Con estas ventajas, de acuerdo con los tres expertos, la tierra podría ser más adelante una solución ideal para las personas de escasos recursos que viven en zonas rurales apartadas. “Es una respuesta muy válida, porque trasladar los materiales industriales es muy costoso. En cambio, la tierra está ahí. El discurso no es demeritar el concreto y el cemento, sino valorar la tierra y entender que los materiales funcionan de acuerdo al contexto”, añade Rivero.

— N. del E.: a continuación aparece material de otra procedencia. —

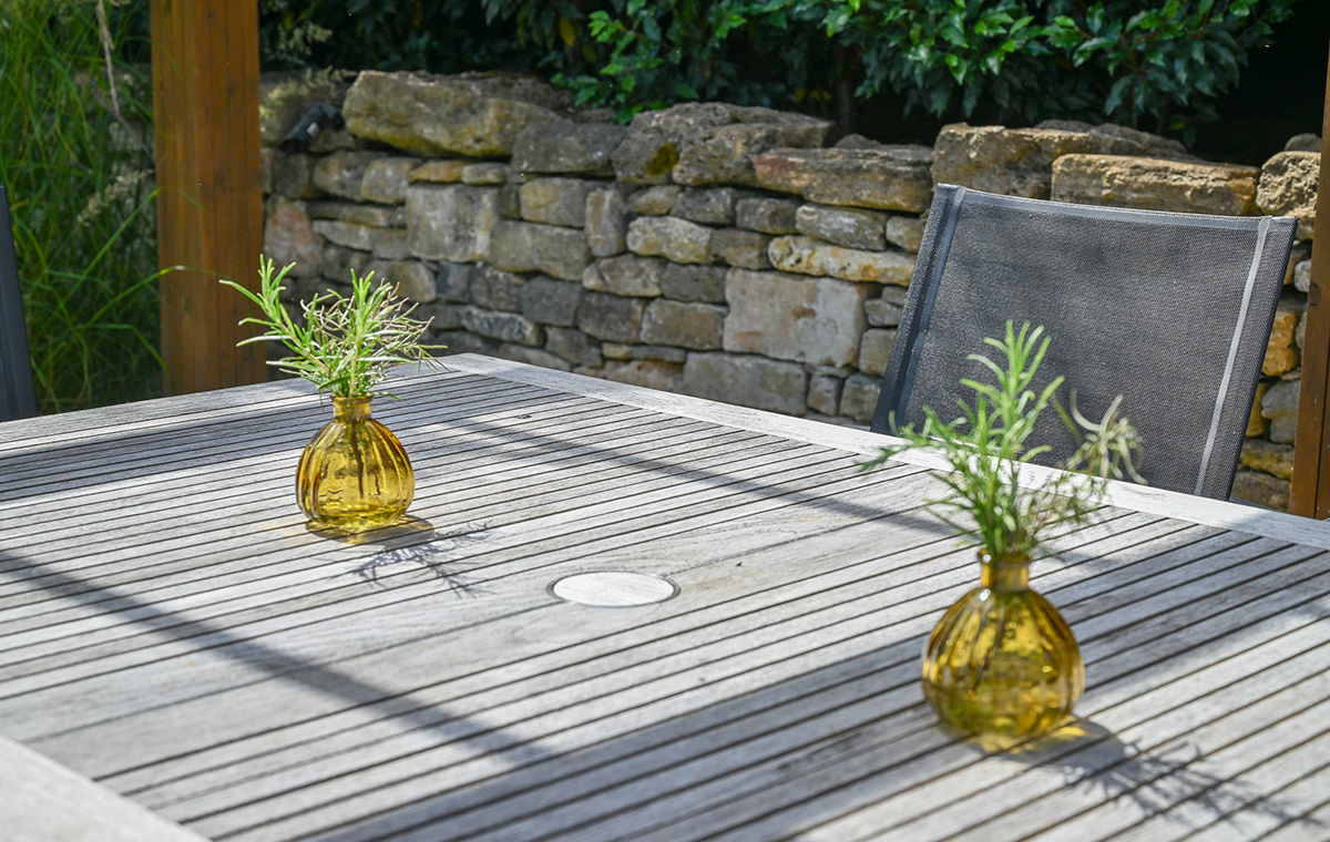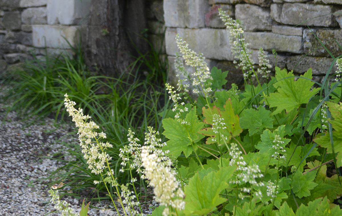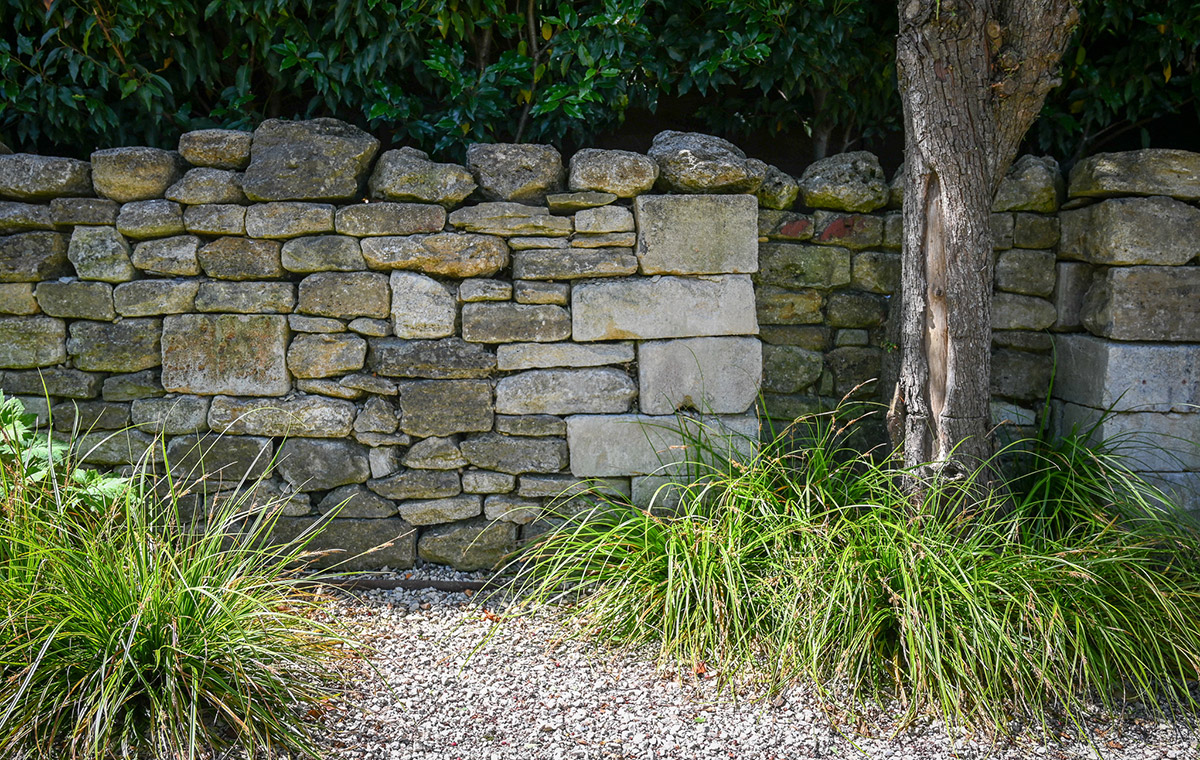 The limestone paving blends with the surrounding character and the reclaimed dry-stone walling. Planting is textural, green and lush.
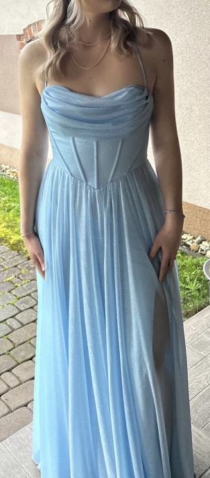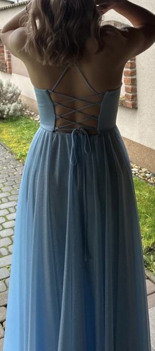 Prodajem elegantnu plavu svečanu haljinu veličine 36, malo nošenu i u odličnom stanju. Haljina je bez rukava, s drapiranim gornjim dijelom i seže ispod koljena. Savršena za posebne prilike poput vjenčanja ili maturalnih zabava. Plaćena 170€

Colombia tiene experiencia en el tema. Este año el proyecto Arborada, ubicado en Cota, tuvo una mención especial en el Terra Award 2016, el primer concurso mundial de tierra moderna. En un grupo de 400 proyectos, quedó entre los 40 mejores. Eso demuestra, según Angulo, que “el problema no es la calidad, porque sabemos hacerlo; tampoco de tierra porque es abundante; menos de cantidad, porque se pueden hacer casas a gran escala. El asunto es de visibilizar, llegar al público, a los arquitectos, y exponerles la importancia de recuperar este material cargado de historia”.